The group's reading overall was careful and measured, everyone sticking with it and feeling their way through, probing constantly, rather as if we were ourselves guardedly crossing a vast, mysterious tundra, sparsely populated with some gloriously exotic fauna. As Oscar Wilde almost said of Wagner, this play had many exquisite moments embedded in some perplexing half-hours.
Check the recording of final scene of S.A.D. Summers below.
The final few moments of the script, with Princess Diana suffering the execution the play imagines, as her attendants complain about her and a journalist tries to get quotes from her and take her photos, and her distraught sons look on. In the subsequent final scene, son Henri draws a picture of his imagined aborted sister, and is visited by the ghost of Diana's butler and a previous girlfriend, and the by his brother Guillermo.

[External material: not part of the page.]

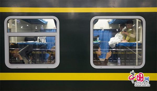 登上K4159次列車的旅客。中國網記者 馬曠/攝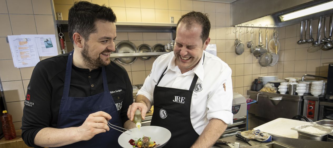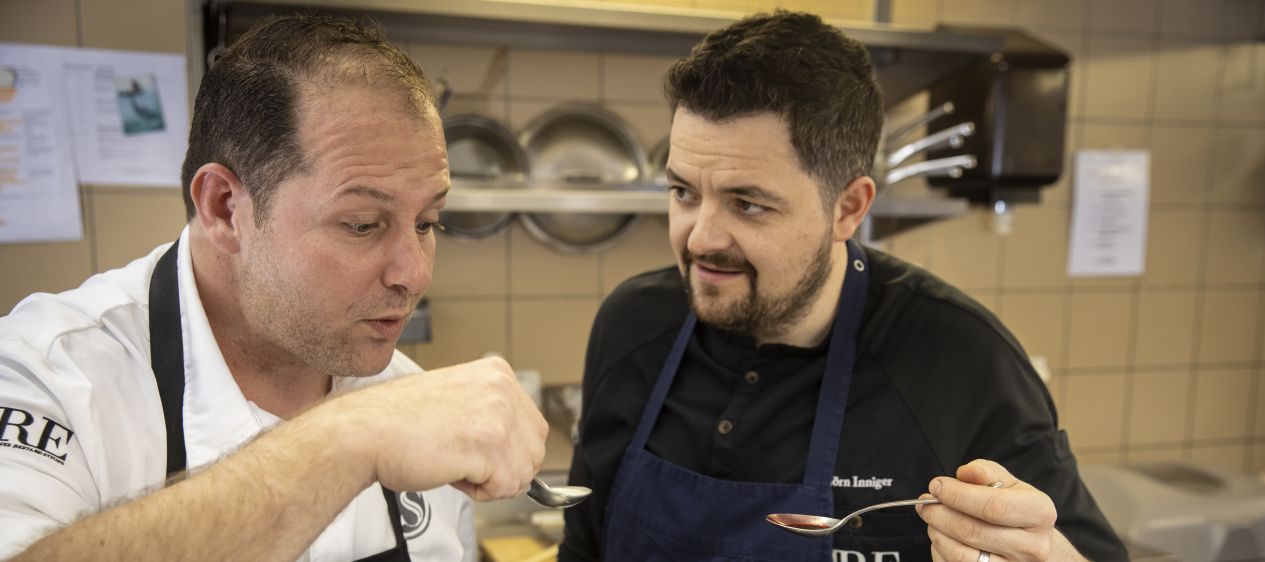 Die zwei verstehen sich bestens, harmonieren in der Küche: Stefan Bader kocht bei Björn Inniger im Alpenblick.

Friday 17th April and with the new limit of 12 participants in the first of what will now be weekly zoom sessions we had a brilliant time with The S.A.D. Summers of Princess Diana, by Chilean playwright Carla Zuñiga, translated by Fran Olivares, who joined us for the reading. This proved a wonderful scrambled, curdled, scabrous fairly-tale/mythical reconceiving of the demise of the the unfortunate princess, complete with sons 'Guillermo' and 'Henri' scurrying across town in furry animal disguise to make contact with the Princess's cross-dressing ex-butler; while viciously censorious retainers 'Brunhilda' and 'Dorothea' 'gaslight' the princess and repeatedly adulterate her meals with dead rodents, aborted animal foetuses and ultimately an amputated human foot. The palace Fool, after perpetrating possibly the most excruciatingly inappropriate slapstick routine in dramatic literature, is subject to a well-deserved fatal defenestration. Overall shockingly and transgressively funny as well as deeply poignant and heartfelt. And within its dream-distortions, also a subtle and astute 'outsider' analysis of a deep cultural and social malaise.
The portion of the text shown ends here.